Yes, I guess I do, but obviously not as much so as you do. My “visualization” keeps changing as I work on an image, and see how it is “developing”. I get ideas all the time, and I try to not get locked into a specific path, keeping my mind open for better ideas.

Color range - will work on/with that later today. PhotoJoseph did great videos on this a year or two ago, when it was first introduced, and before I knew anything much about PhotoLab. It’s time for me to dig in and learn how to use it. Will probably start by watching his Webinar again.

Sneaky!!! What a cool trick. I will never forget this. Brilliant! (literally)

My only reservation about the 055 series is that I think that they are seriously over specified for a DSLR but, if you want to support an 8" x 10" view camera
 :nerd_face:

And ball heads are nowhere near as easy or precise to operate as three-way heads.

@mikemyers I just checked and found that Manfrotto Canada have the tripod legs in stock 290 XTRA CARBON Carbon fiber 3 section tripod - MT290XTC3 | Manfrotto CA

And the head separately 3 Way Tripod Head Mark II in Adapto with retractable levers - MH804-3W | Manfrotto CA

You don’t need menus to change metering mode


For everyday use, I find I get better exposures from centre-wighted. Matrix can often be fooled by stuff on the edge of the frame. But have a go at spot mode (over-exposing by 1⅔ stops) tonight to see what a difference it makes.

Velvia is only any good when you want to emulate that look and feel, otherwise, take your pick and play.

That is fine. Pre-visualisation comes in useful when you have a definite idea but, doesn’t preclude changing your mind.

Either that or just start playing, starting with the basics I just showed you and then play a bit more. Start by simply boosting/muting saturation on one coloured dot, then see what happens when you spread the segment.

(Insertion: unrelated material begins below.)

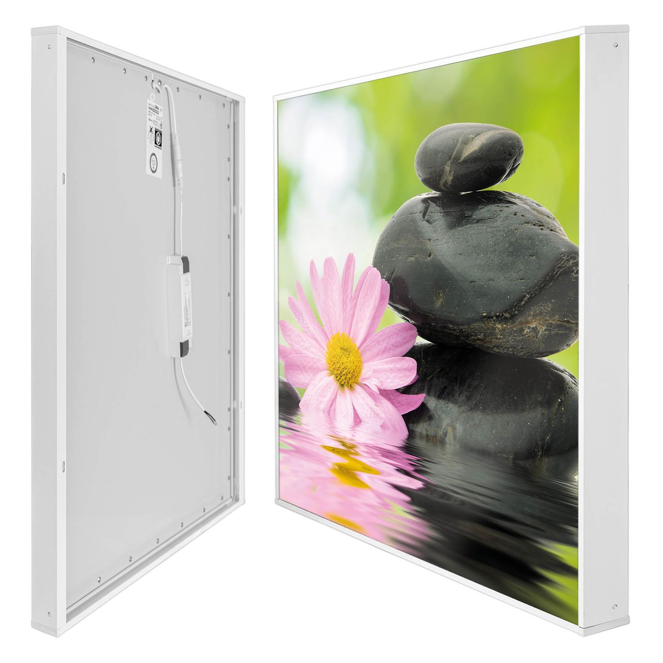 banjado LED Wandleuchte Sie erhalten hier eine stimmungsvolle Lichtquelle bestehend aus dem Set: Smart LED Panel mit Trafo, Motivscheibe (Motiv: Steine & Relax 2) und Rahmen. Der Aufbau ist denkbar einfach, Sie erhalten eine detaillierte Aufbauanleitung. Die komplette Leuchte kann sowohl an der Wand angeschlossen werden als auch als Deckenleuchte. Die Gesamtgröße der Lampe ist 62,5 x 62,5 x 4,5cm (HxBxT). Das Set besteht aus: LED Panel mit Trafo, Rahmen und Motivbild zum Selbstaufbau.

Well, I checked the video link – he is talking how to use the cam for wedding AND with camera off flash – hence using (M)anual mode, but no word about camera metering.

To change from Matrix metering to Center weigthed (custom menu → b5 preset) or Spot metering, just hold down the equivalent Metering button (top right of your cam, next to the display) and toggle / skip through them with a right / left flick of the custom dial (top right on the back).

I suggest to try out, what @Joanna explained in full length and compare to what you are used too.
It’s important to get a feeling for what you (your cam) can do.

[Personally, I use the center weigthed metering (12mm circle) and adjust exposure with the aforesaid custom button, but different to the fellow’s (tiring) video explanations “d8 → EASY ISO OFF” and some more 
]


just saw, you got it twice – so 


And from my memory, matrix metering tends to expose a little incorrectly if there are very bright or very dark areas somewhere in the frame.
With Nikon and now with Olympus, I always use centre and only occasionally choose spot with exposure lock when there are extreme light situations.